The Equipment Leasing and Finance Association’s (ELFA) Monthly Leasing and Finance Index, which reports economic activity from 25 companies representing a cross section of the $900 billion equipment finance sector, showed their overall new business volume for December was $12.1 billion, down 6 percent year-over-year from new business volume in December 2019. Volume was up 66 percent month-to-month from $7.3 billion in November in a typical end-of-year spike. Cumulative new business volume for 2020 was down almost 6 percent compared to 2019.
Receivables over 30 days were 2.20 percent, down from 2.30 percent the previous month and unchanged from the same period in 2019. Charge-offs were 0.59 percent, down from 0.61 percent the previous month and up from 0.51 percent in the year-earlier period.Credit approvals totaled 75.2 percent, up from 70.4 percent in November. Total headcount for equipment finance companies was down 4.6 percent year-over-year.
Separately, the Equipment Leasing & Finance Foundation’s Monthly Confidence Index (MCI-EFI) in January is 59.6, unchanged from the December index.
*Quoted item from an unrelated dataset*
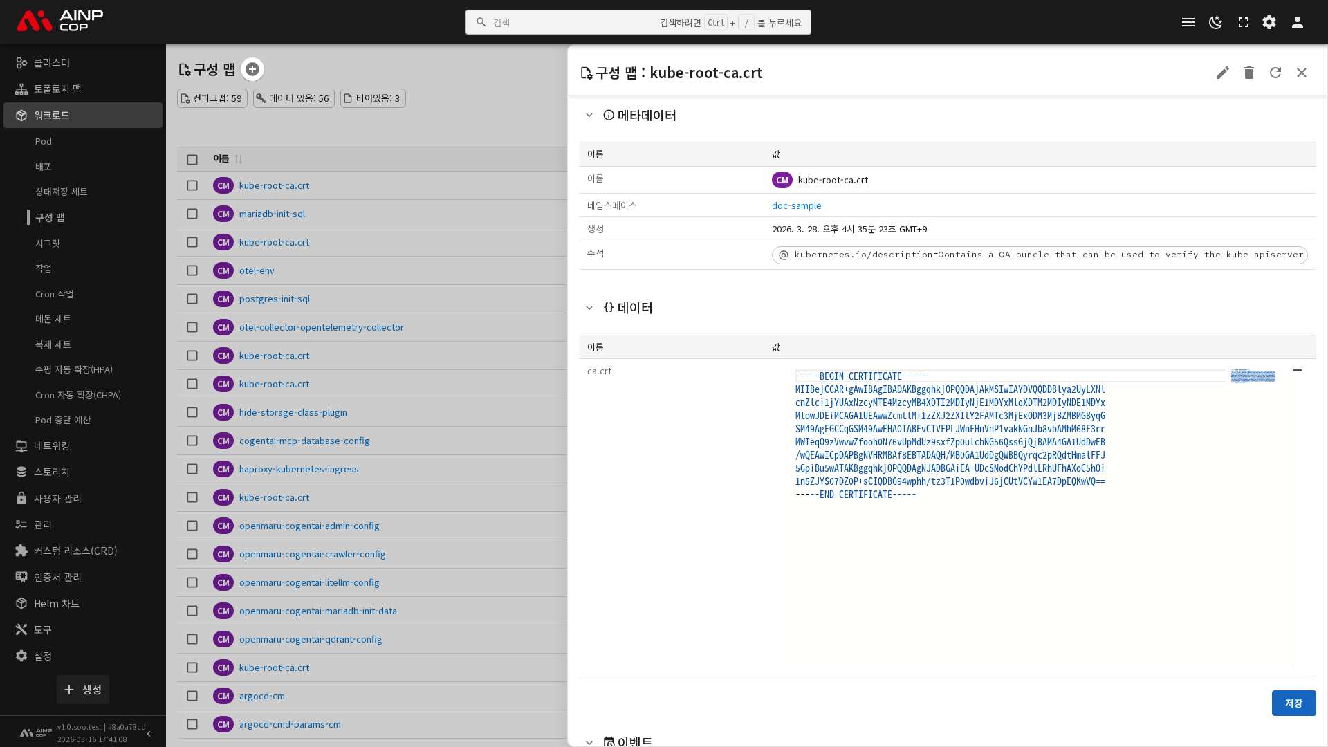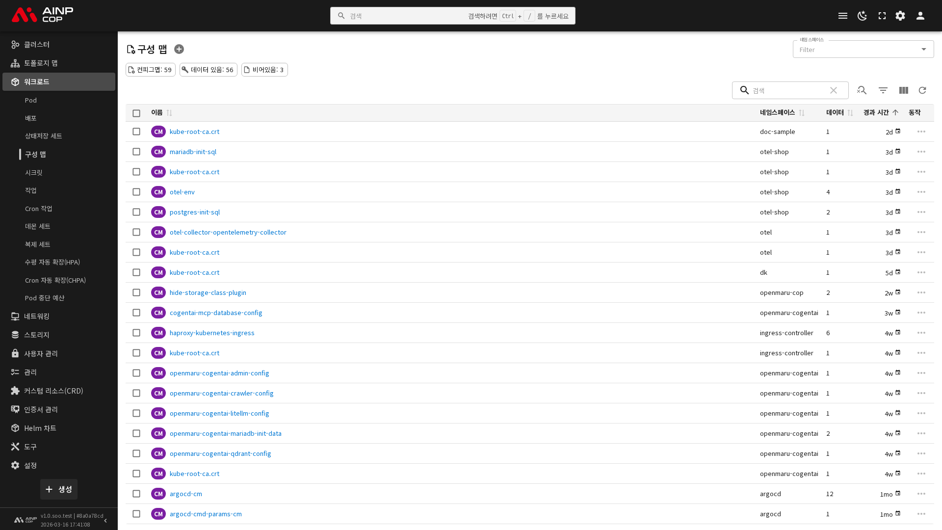 클러스터에 생성된 Config 맵의 정보가 목록 형태로 표시됩니다.

ELFA President and CEO Ralph Petta said, “While 2020 certainly presented serious challenges to our nation’s economic well-being as well as to the physical well-being of many of our citizens, the equipment finance business, overall, showed remarkable resilience and durability. In early 2020, our industry seemed poised to continue 2019’s strong performance, as measured by a variety of key metrics. Now, looking in the rearview mirror, at the start of a new year that brings such hope and promise—with new stimulus initiatives coming out of Washington and distribution of a vaccine designed to protect our people—most equipment finance sector observers would consider a single-digit decline in year-over-year new business volume tolerable, if not acceptable.”